Zrozumienie odpowiedzialności Ligi w całym Wszechświecie
Uświadomienie sobie przez Batmana ograniczeń Ligi
Kryzysy każdego miasta są często unikalnie dostosowane do jego bohaterów; na przykład Superman dźwiga ciężar Metropolis, podczas gdy problemy regionalne w Central City pozostają domeną Flash Family. Nawet w przypadku Batmana wyzwania wykraczające poza granice miasta Gotham często stają się odpowiedzialnością innych bohaterów związanych z ich własnymi miejscami. Ogromny wszechświat międzygalaktycznych zagrożeń często przyćmiewa lokalne problemy, co prowadzi do odroczenia pomocy dla miast mniej przygotowanych do służby powszechnemu dobrobytowi.

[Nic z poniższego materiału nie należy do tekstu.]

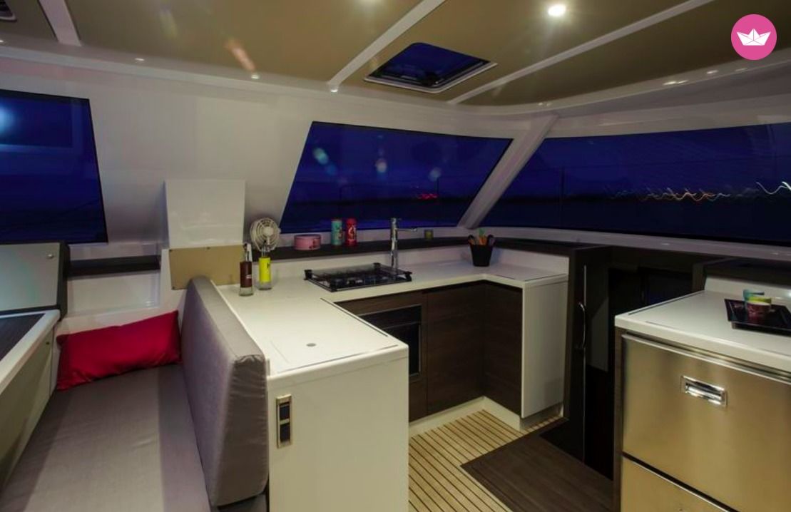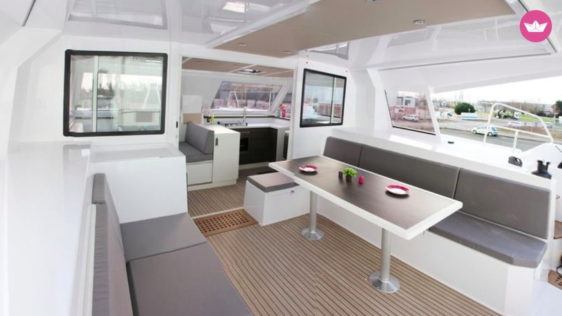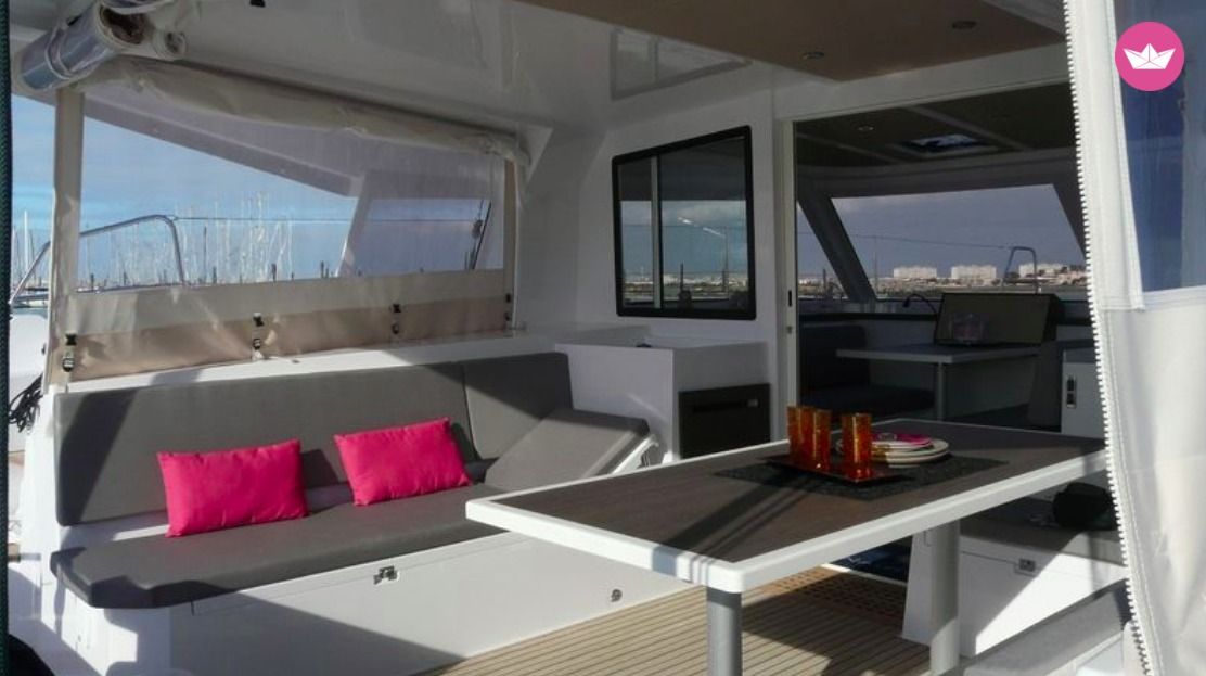 Description of Alex's catamaran , Bonjour, Nautitech 40 Open, grand catamaran, disponible à la location au départ de Saint-Mandrier-Sur-Mer. Embarquez jusqu'à 12 personnes en navigation pour un séjour mémorable, en famille ou entre amis. A bord, on retrouve évidemment tous les équipements de navigation (GPS, sondeur, VHF, guindeau électrique...) ainsi qu'une annexe avec moteur. Côté confort, c'est un modèle 6 cabines : 4 doubles et 2 simples. Vous pourrez donc séjourner à 10 dans un grand confort. On retrouve bien évidemment un grand salon et une cuisine tout équipée. Au départ de Port Pin Rolland, vous pourrez profiter pour une semaine ou plus des joies de la navigation en Méditerranée. N'hésitez pas à nous joindre sur la messagerie Catamaran Yacht Charter, nous serons ravi de vous y répondre. A bientôt ! **********************TARIFS********************* Options Obligatoires : - Nettoyage : 250€ - Frais de dossier : 20€ - Starter pack : 25€ Extras : - Filet de protection pour enfants : 230€ - Rachat de franchise : 40€/jour - Hôtesse/cuisinier : 200€/jour - Skipper : 230€/jour - Stand up paddle : 25€/jour - Wifi : 50€/semaine - Transferts : sur demande *************************************************

Jak trafnie zauważa Batman, utożsamianie zmartwień Gotham z międzygalaktycznymi wyzwaniami, przed którymi stoi Liga, jest podobne do „mężczyzny w płonącym domu próbującego zdmuchnąć świeczkę”. Pomimo swoich ogromnych możliwości, Liga Sprawiedliwości nie może być wszechobecna. Konieczność nadania priorytetu większym uniwersalnym zagrożeniom ostatecznie prowadzi do decyzji sprzyjających szerszemu dobru, czasami marginalizując w tym procesie miasta takie jak Gotham.
Czytelnicy mogą już czytać piąty zeszyt komiksu Batman: Dark Age , ukazujący złożoną zależność między osobistym heroizmem a kosmiczną odpowiedzialnością.